▶ _Try it_:
Please write out exactly the lines from the one with "It is equipped" through the end of the data below, both ends included, and omit any pictures.

▶ _Exercise input_:
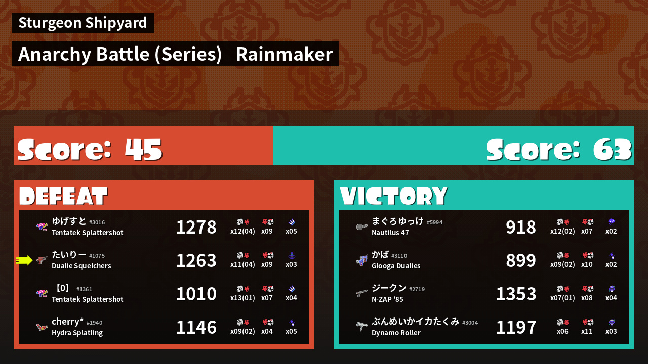 | Medals | #1 Score Booster #1 Popular Target #1 Splat Assister | ||
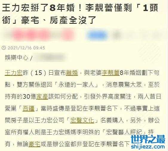 在两人离婚时,王力宏多年积累的资产也被曝光,一共是近7亿人民币左右,而一度据传,这7亿财产全部都是在王力宏以及王力宏母亲名下,前妻李靓蕾可能“净身出户”。
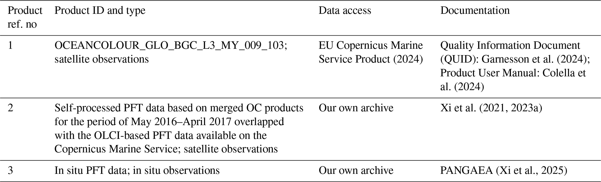 Data and products used in this study and their availabilities and supporting documentation are listed in Table 1, from which the in situ HPLC pigment concentrations and the corresponding derived in situ PFT Chl a data used for validation are published on PANGAEA (https://doi.org/10.1594/PANGAEA.982433; Xi et al., 2025).
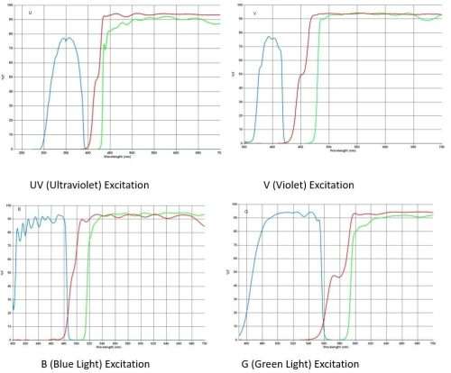 It is equipped with UV, violet, blue and green excitation fluorescence.
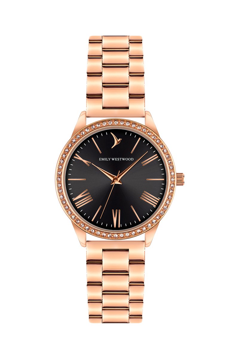 Relógio de quartzo em aço - Dourado rosa e preto - Emily Westwood
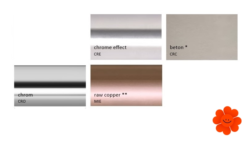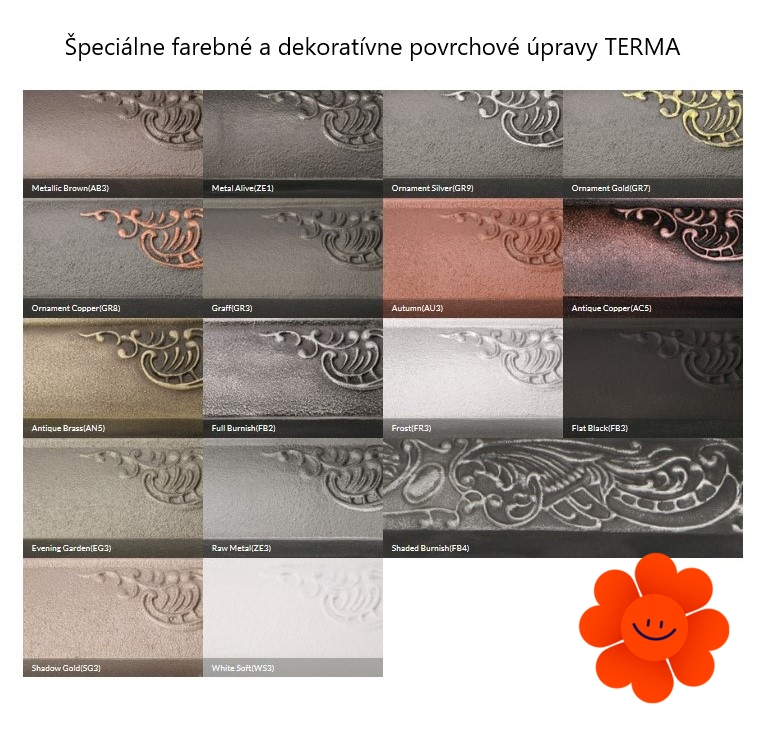 In der Farbenmustermappe Terma finden Sie auch spezielle Bearbeitung für konkrete Modelle, zum Beispiel Chrom - Copper für Heizkörper Pajak oder die Oberfläche Beton für Heizkörper Case Slim.
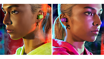IE-FBKは、DJ DARUMAが刺激を受けた90年当時のキャンディカラーのポップさとスケルトンをデザインに取り入れた、Bluetooth 5.0対応完全ワイヤレスイヤホン。イヤホン本体だけでなく、充電ケースも一貫してスケルトン化した。

▶ _Answer to this task_:
 It is equipped with UV, violet, blue and green excitation fluorescence.
 Relógio de quartzo em aço - Dourado rosa e preto - Emily Westwood
 In der Farbenmustermappe Terma finden Sie auch spezielle Bearbeitung für konkrete Modelle, zum Beispiel Chrom - Copper für Heizkörper Pajak oder die Oberfläche Beton für Heizkörper Case Slim.
IE-FBKは、DJ DARUMAが刺激を受けた90年当時のキャンディカラーのポップさとスケルトンをデザインに取り入れた、Bluetooth 5.0対応完全ワイヤレスイヤホン。イヤホン本体だけでなく、充電ケースも一貫してスケルトン化した。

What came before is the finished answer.